### Information shown:

<<<<

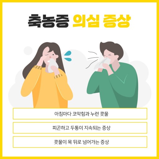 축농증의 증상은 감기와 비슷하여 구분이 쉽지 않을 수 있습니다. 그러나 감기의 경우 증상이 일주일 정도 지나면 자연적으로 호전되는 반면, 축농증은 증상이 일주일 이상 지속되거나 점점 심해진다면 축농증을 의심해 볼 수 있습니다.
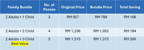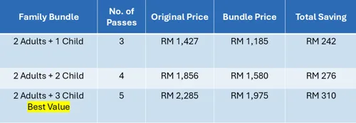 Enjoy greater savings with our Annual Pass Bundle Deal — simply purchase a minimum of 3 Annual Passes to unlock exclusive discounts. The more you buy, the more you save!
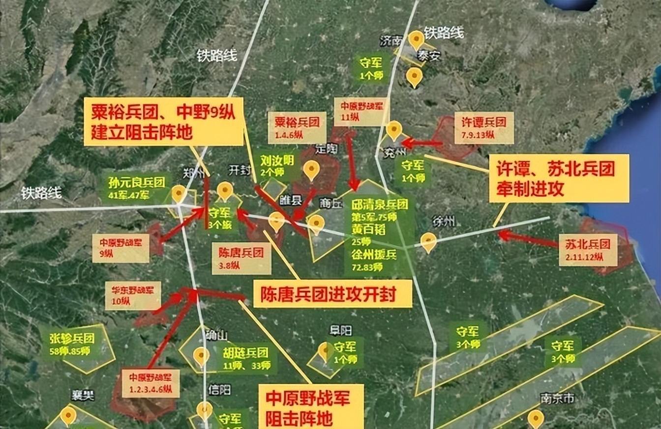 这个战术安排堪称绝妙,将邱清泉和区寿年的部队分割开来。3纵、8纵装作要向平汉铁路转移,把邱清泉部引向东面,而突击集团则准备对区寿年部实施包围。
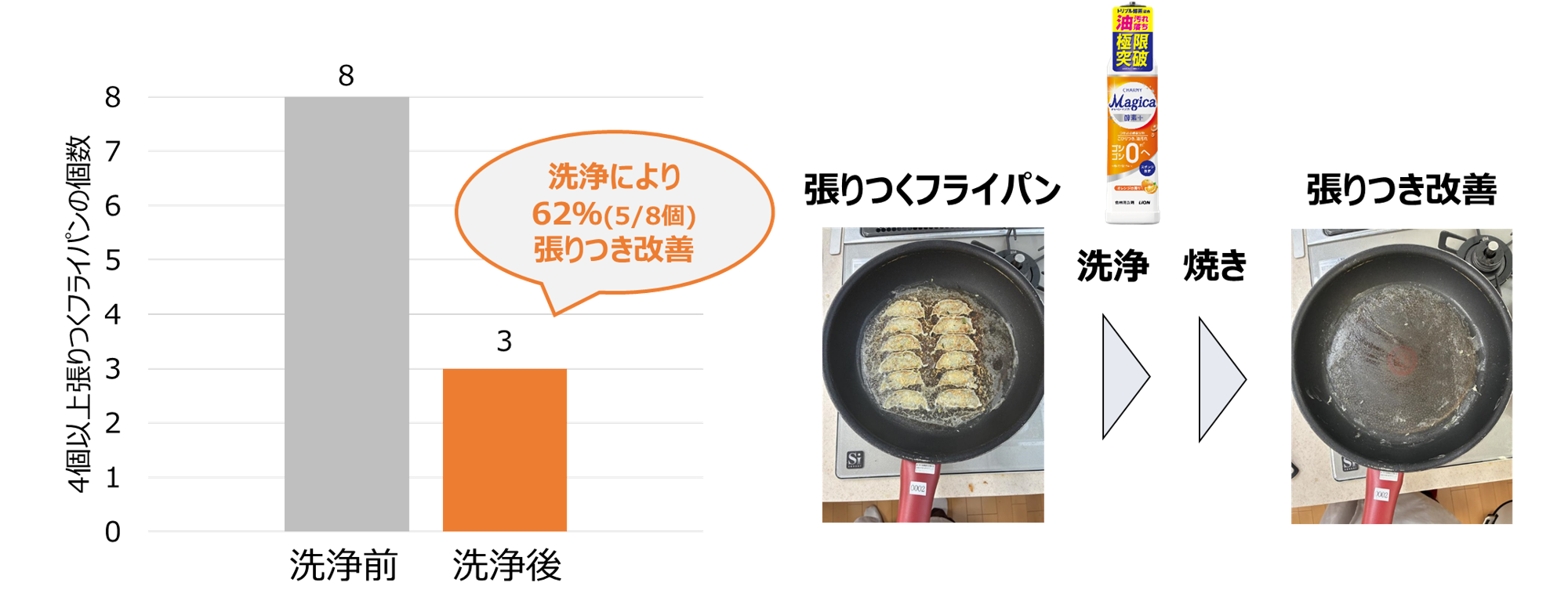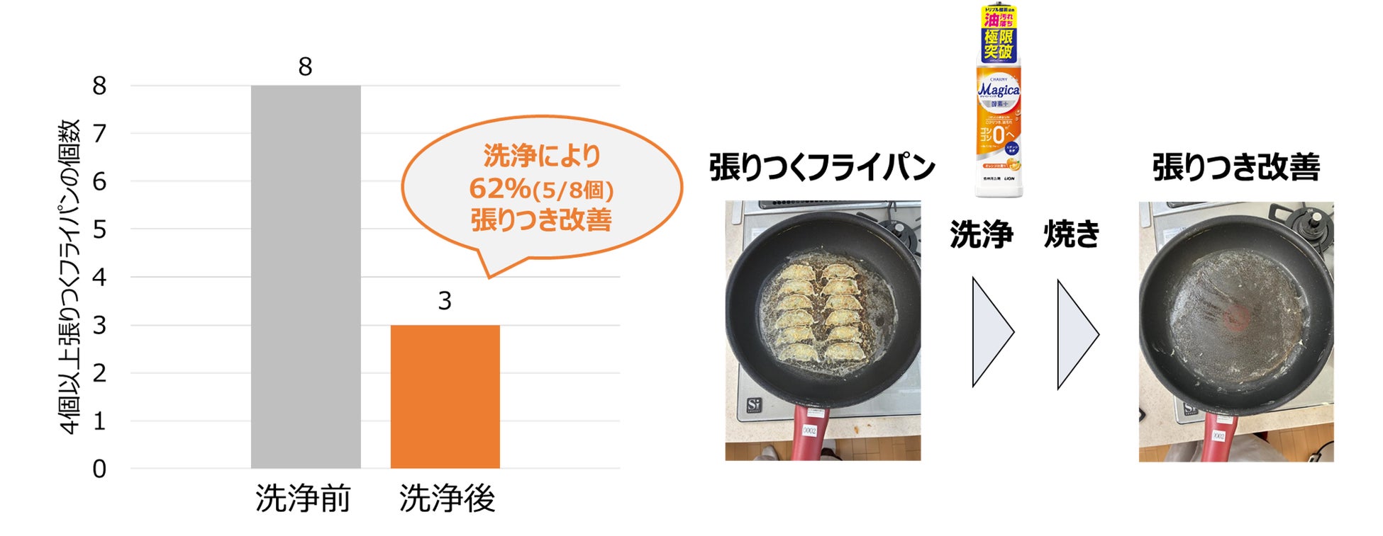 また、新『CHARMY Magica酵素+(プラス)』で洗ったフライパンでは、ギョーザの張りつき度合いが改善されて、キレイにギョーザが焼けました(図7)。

>>>>

Print the material again, unchanged, without its pictures.

 축농증의 증상은 감기와 비슷하여 구분이 쉽지 않을 수 있습니다. 그러나 감기의 경우 증상이 일주일 정도 지나면 자연적으로 호전되는 반면, 축농증은 증상이 일주일 이상 지속되거나 점점 심해진다면 축농증을 의심해 볼 수 있습니다.
 Enjoy greater savings with our Annual Pass Bundle Deal — simply purchase a minimum of 3 Annual Passes to unlock exclusive discounts. The more you buy, the more you save!
 这个战术安排堪称绝妙,将邱清泉和区寿年的部队分割开来。3纵、8纵装作要向平汉铁路转移,把邱清泉部引向东面,而突击集团则准备对区寿年部实施包围。
 また、新『CHARMY Magica酵素+(プラス)』で洗ったフライパンでは、ギョーザの張りつき度合いが改善されて、キレイにギョーザが焼けました(図7)。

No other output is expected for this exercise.